Scalloping occurs when the radial velocity of the reflector induces an odd integer multiple of a 360 degree phase shift between two or more transmit pulses.

Radar scalloping for MTI radar begins to become a concern when the radial velocity is greater than the following value.

$Velocity > 0.5 \times \left (\frac {C}{2 \times Period Between Pulses \times Transmit Frequency} \right)$

This occurs near multiples of 15 m/s for an L-Band radar with pulse repetition frequency of 1kHz (10m/s to 20m/s, 25m/s to 35m/s, 40m/s to 50m/s, and so on).

====Pulse-Doppler Radar====

Scalloping for pulse-Doppler radar involves blind velocities created by the clutter rejection filter. A two PRF detection schemes will have detection gaps with a pattern of discrete ranges, each of which has a blind velocity.

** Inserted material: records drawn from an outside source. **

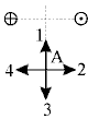 20. Определите направление индукции магнитного поля в точке А, создаваемого одинаковыми по величине токами, текущими в противоположных направлениях по двум параллельным проводникам (см.рис).
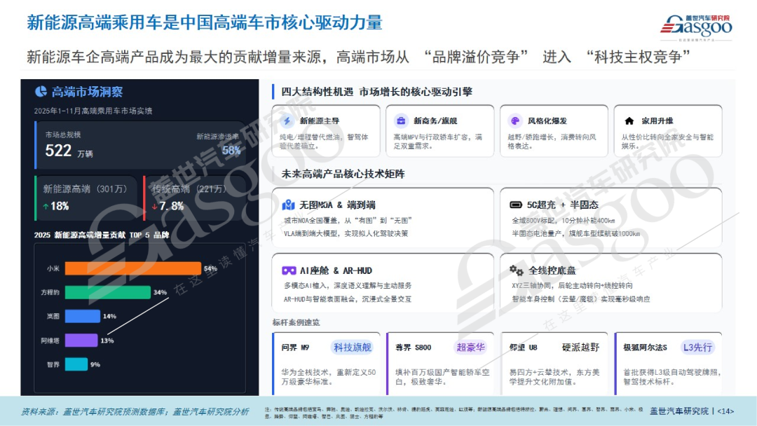 新能源高端化潜力巨大,价格带上升到30万元以上,新能源的渗透率已达58%(2025年前11个月数据),成为当前国内车市绝对的增量主力。而且更关键的是,当前的新能源高端之争,已超越传统豪华品牌的“logo溢价”,进入以尖端科技定义豪华的科技主权竞争阶段。
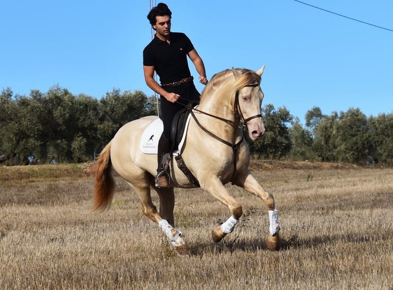 Uprzejmy, spokojny charakter, ciekawski, przytulny, jazda w podstawowych chodach, półbłędne, dużo terenu, Romería, Rocío, zaczęty od hiszpańskiego chodu, barokowy, dobre ruchy, wyjątkowy kolor www.elegante-andalusier.com
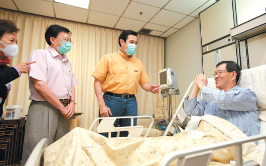 中新網5月25日電 據“中央社”報道,馬英九24日晚間偕同臺當局“行政院長”劉兆玄前往臺北榮民總醫(yī)院,探視進行肺部腫瘤切除手術的蕭萬長,馬英九希望蕭萬長安心靜養(yǎng),早日康復。
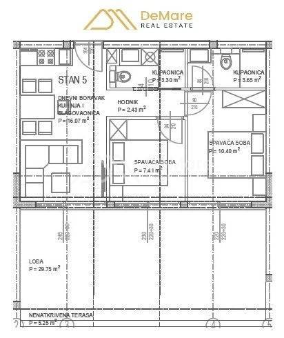 This is an apartment on the first floor of the building. The layout of the rooms consists of a hallway, 2 bedrooms, a bathroom, a kitchen with a dining room and a living room, and a partially covered terrace. The net usable area of the described premises with a terrace is 65.57 m2. In addition, the apartment has two parking spaces.
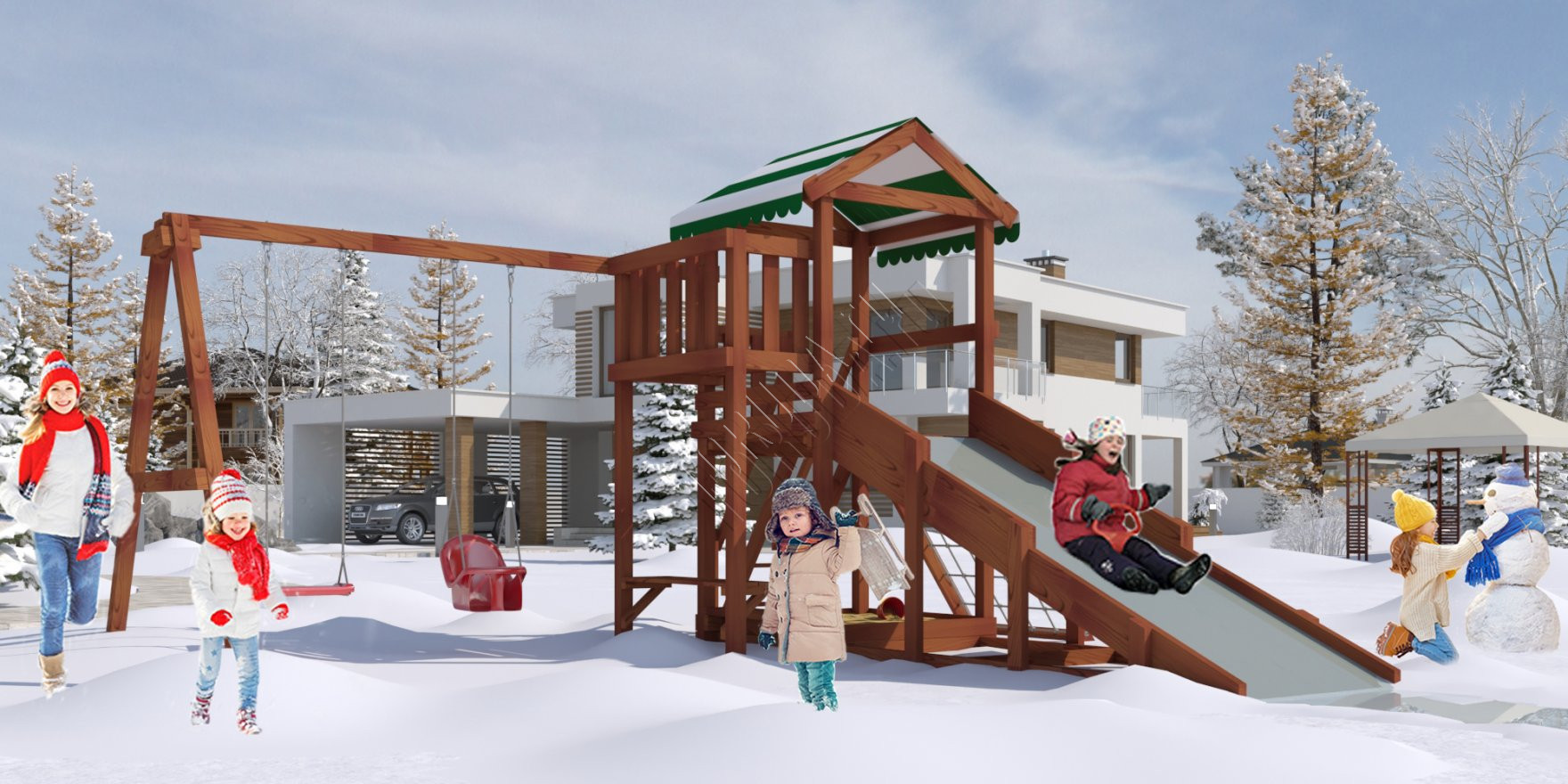 Сбоку к башне крепится качельная рама для двух элементов на выбор, например, качели «Лодочка» и «Люкс» со спинкой. Они очень нравятся как маленьким деткам, так и младшим школьникам.
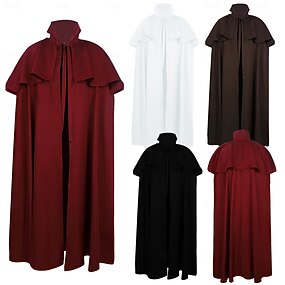 Vintage Punk e gótico Medieval Capa Vampiros Cor Sólida Colarinho Chinês Fantasia Homens Mulheres Unisexo Viking Fantasia Dia Das Bruxas Carnaval Baile de Máscaras Festa dia das Bruxas Mascarilha
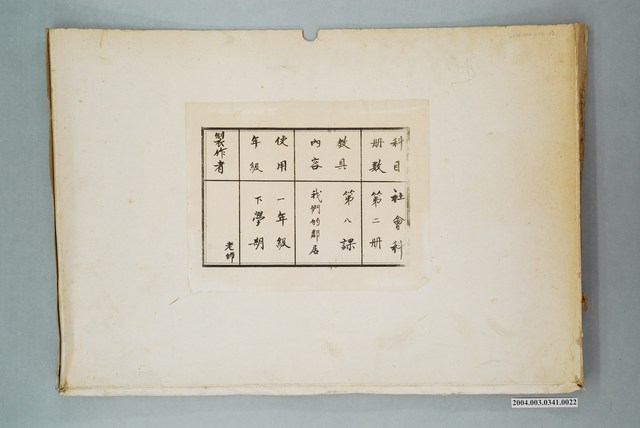 2004.003.0341.0022 國民小學社會課第二冊第八課教具封套
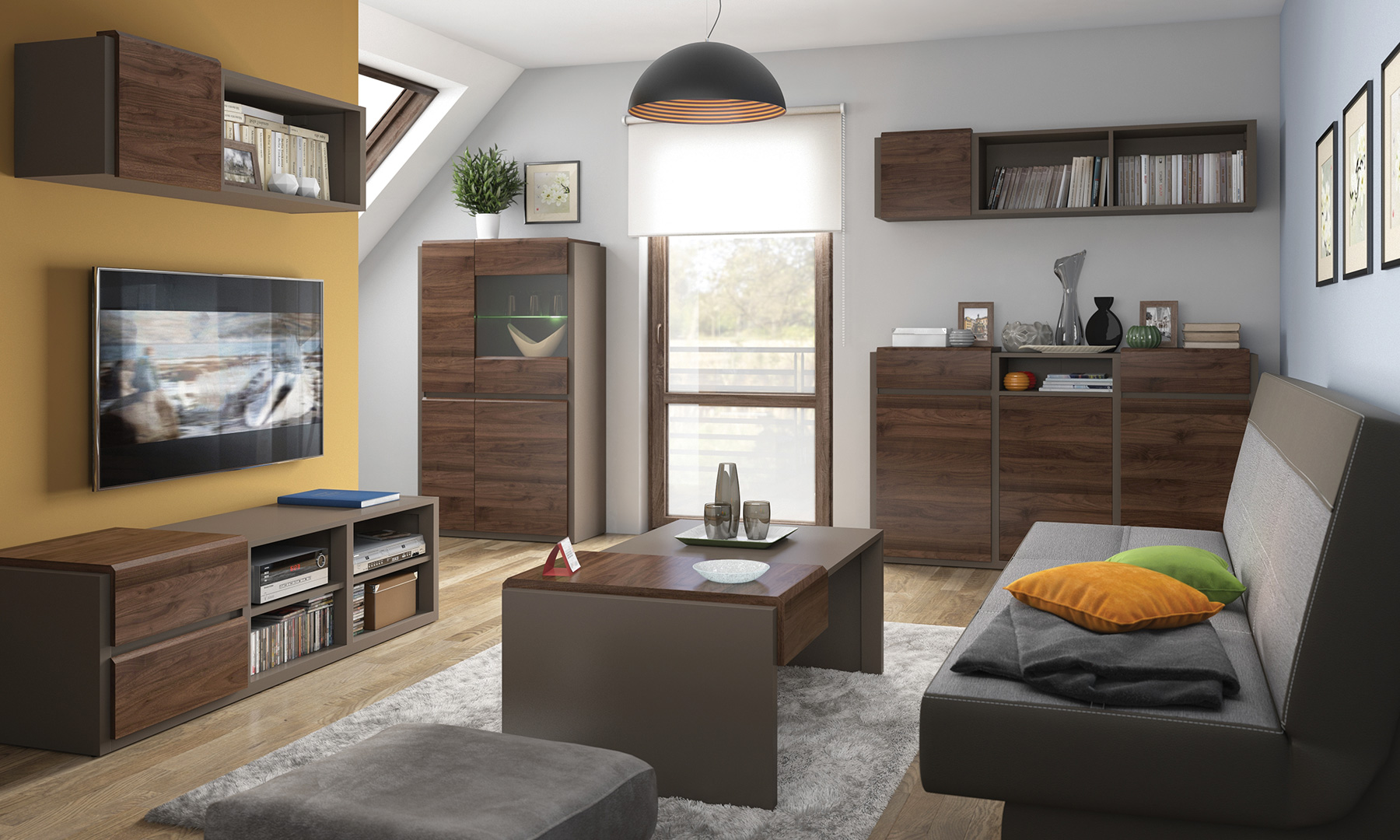 Modułowy system Author w wyjątkowy sposób łączy w sobie elegancję i nowoczesny minimalizm. Prostą, geometryczną linię mebli przełamuje subtelny dekor drewna, sprawiając, że przestrzeń salonu czy jadalni staje się ciepła i przytulna.
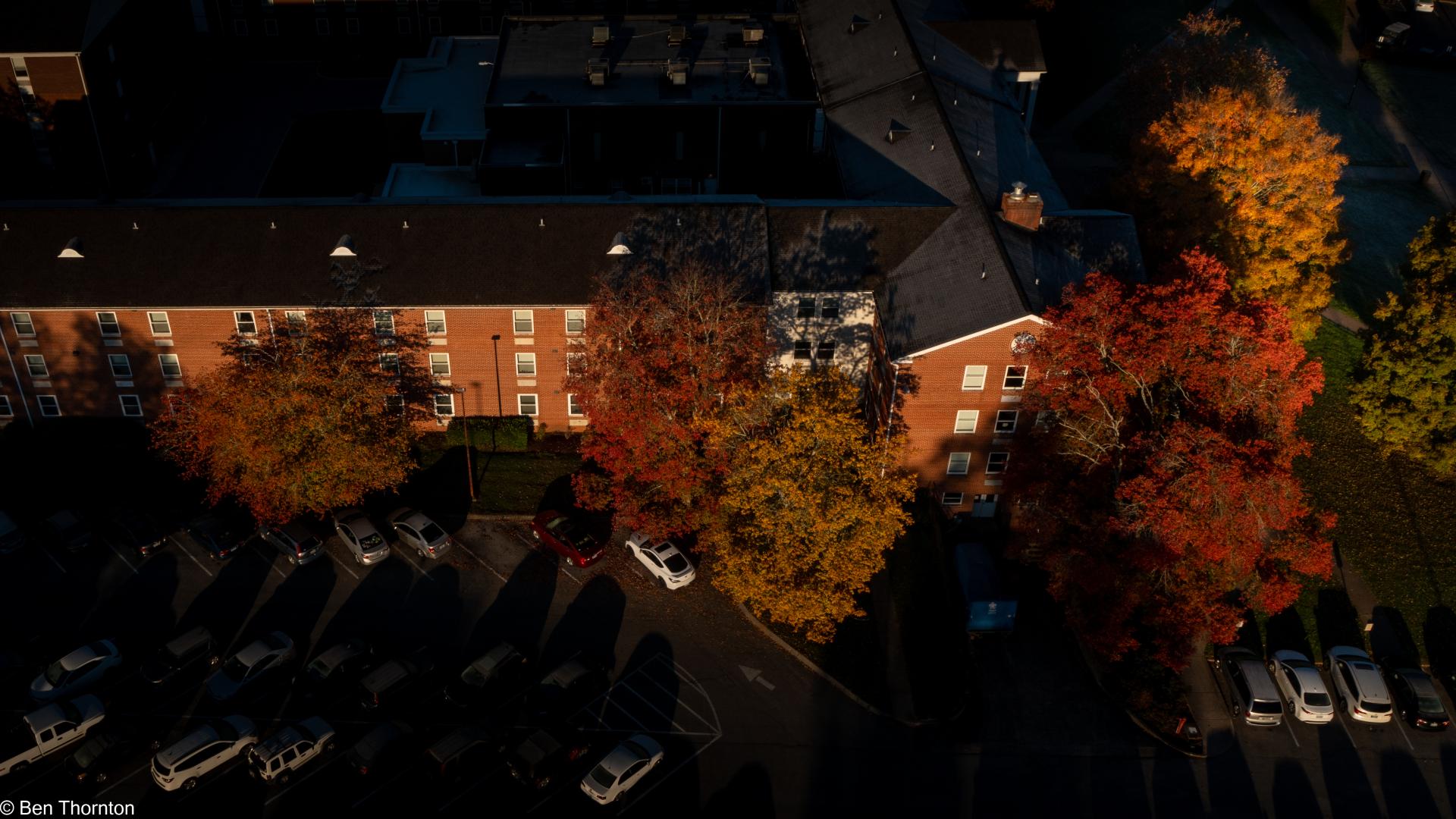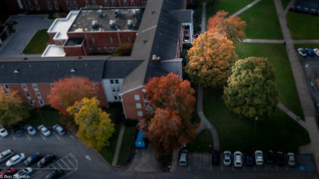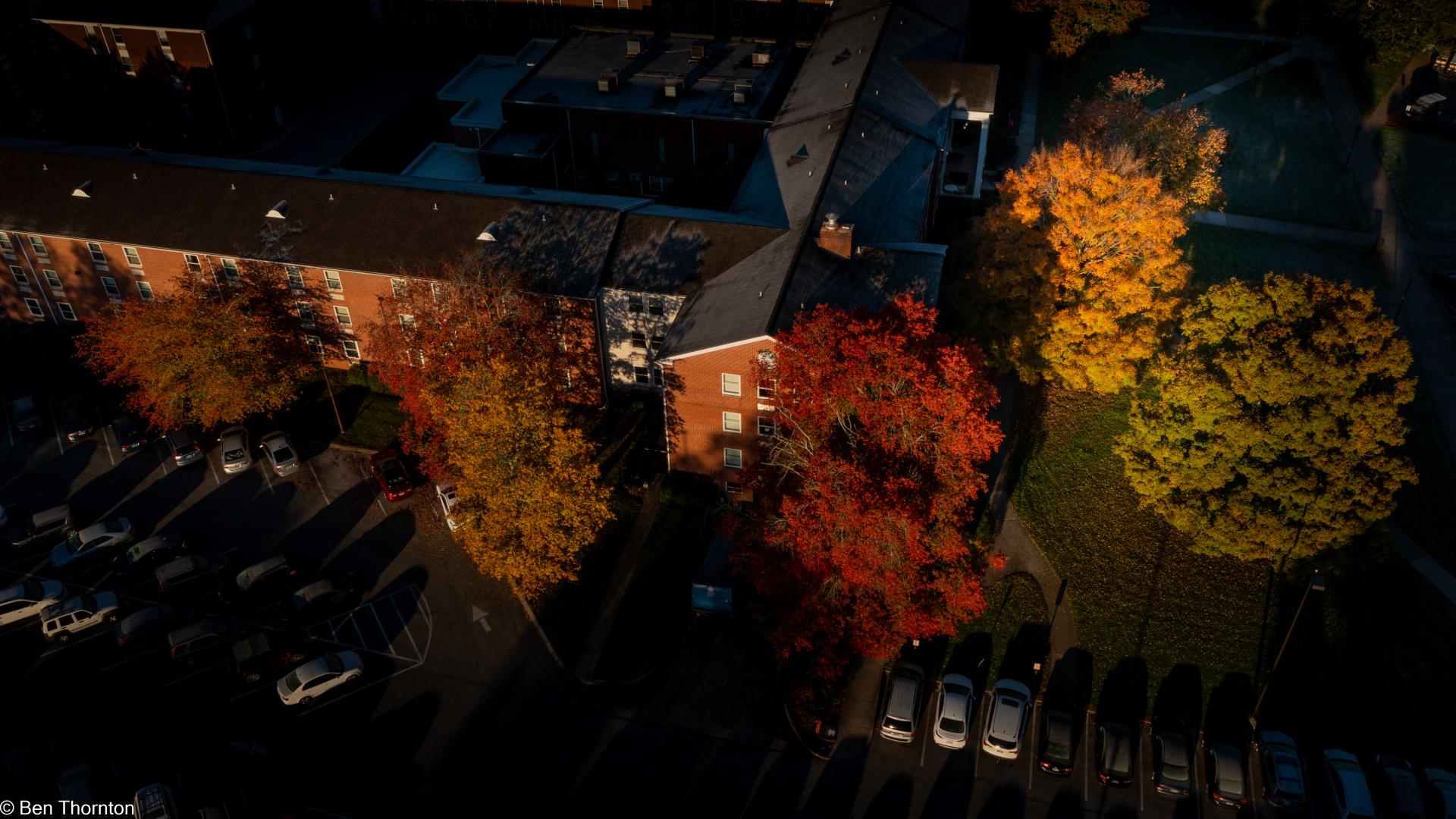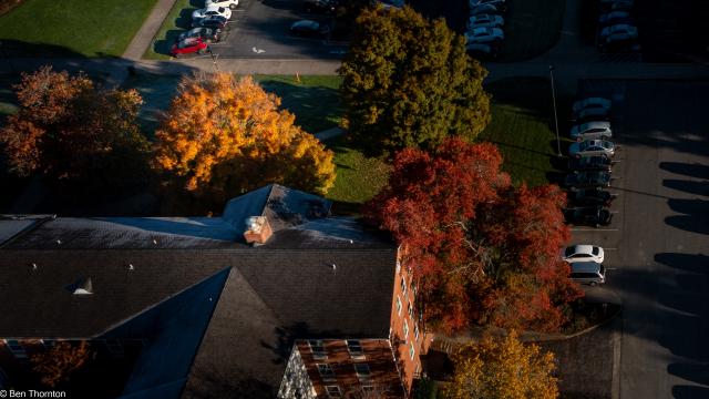 The LEAVES are deciduous, up to 20 cm (7.9 in) long and wide,[8] palmate, with five lobes and borne in opposite pairs. The basal lobes are relatively small, while the upper lobes are larger and deeply notched. In contrast with the angular notching of the SILVER MAPLE, however, the notches tend to be rounded at their interior. The fall color is often spectacular, ranging from bright yellow on some trees through orange to fluorescent red-orange on others. Sugar maples also have a tendency to color unevenly in fall. In some trees, all colors above can be seen at the same time. They also share a tendency with RED MAPLES for certain parts of a mature tree to change color weeks ahead of or behind the remainder of the tree. The leaf buds are pointy and brown-colored. The recent year's growth twigs are green, and turn dark brown.[CITATION NEEDED]
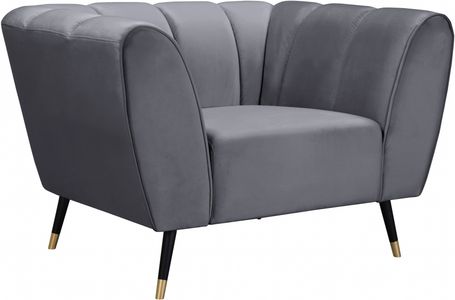 Sink your body into the inviting comfort of this Beaumont velvet chair. Upholstered in a soft shade of grey with black metal legs tipped in gold, this chair oozes modern charm and up-to-the-minute comfort. The heavily stuffed arms, seat and back are bound to beckon at day’s end for you to sit and relax.Read More
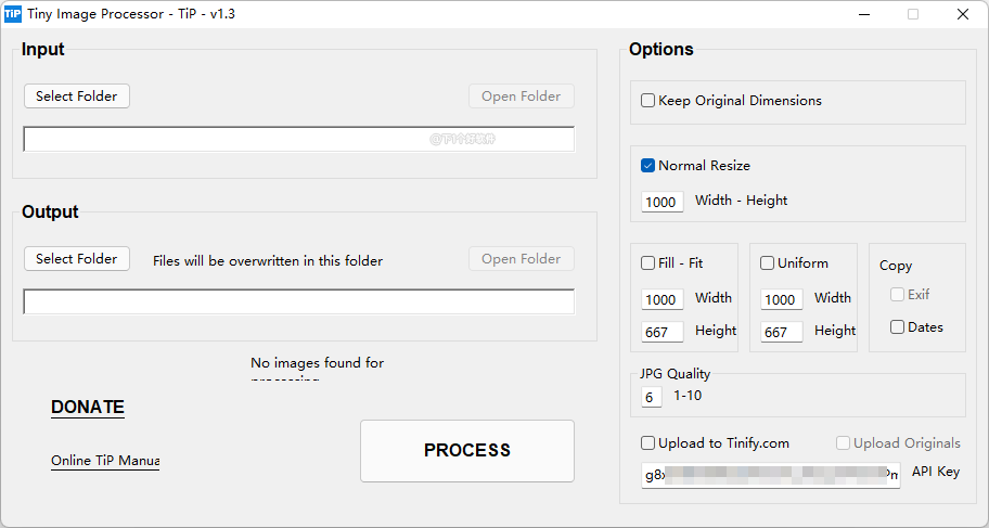 另外在官方网站里也有提供客户端软件「Tiny Image Processor」同样有输入 API Key 功能。功能上比「TinyGUI」多一些,支持设置图片分辨率、输出目录、JPG压缩率。不过锋哥感觉用起来还是没有「TinyGUI」简单快速方便。

Scalloping happens in a two PRF detection scenario when target velocity produces a blind velocity for one PRF while the target is at the blind range of the other PRF.

The blind velocity for a specific pulse repetition frequency (PRF) is an integer multiple of the following, which causes the signal to have zero doppler.

$Blind \ Velocity = \left (\frac {C \times PRF}{2 \times Transmit \ Frequency} \right)$

The blind range for a specific PRF is an integer multiple of the distance between transmit pulses, which is when the reflected pulse arrives at the same time as when the transmitter fires.

$Blind \ Range = \left (\frac {C}{2 \times PRF} \right)$

This leaves a series of detection gaps at discrete velocity and range combinations.

These detection gaps are filled in by using three or more alternating PRF in the detection scheme.

An L-Band transmitter using a 3 kHz and 4 kHz PRF pair has the following characteristics.
- 3 kHz blind ranges are 50 km, 100 km, ...
- 3 kHz blind velocities are 450 km/s, 900 km/s, ...
- 4 kHz blind ranges are 37.5 km, 75 km, ...
- 4 kHz blind velocities are 600 km/s, 1,200 km/s, ...

This system would fail to detect reflections at 50 km and 100 km that are moving 600 km/s or 1,200 km/s.

It would also fail to detect reflections at 37.5 km and 75 km that are moving 450 km/s or 900 km/s.

==Compensation Strategies==

Intra-pulse scalloping is improved by shortening the transmit pulse or by modulating the transmit pulse. This can include frequency or phase shifting associated with pulse compression.

Moving target indicator (MTI) radar reduces the impact of blind velocity by using redundant detectors that introduce a compensating reverse phase shift undoes the phase shift caused by Doppler from reflector motion. This is also improved by using 3 or more pulses with staggering pulse intervals.

Pulse-Doppler radar systems compensate using 3 or more different pulse repetition frequency in the detection scheme.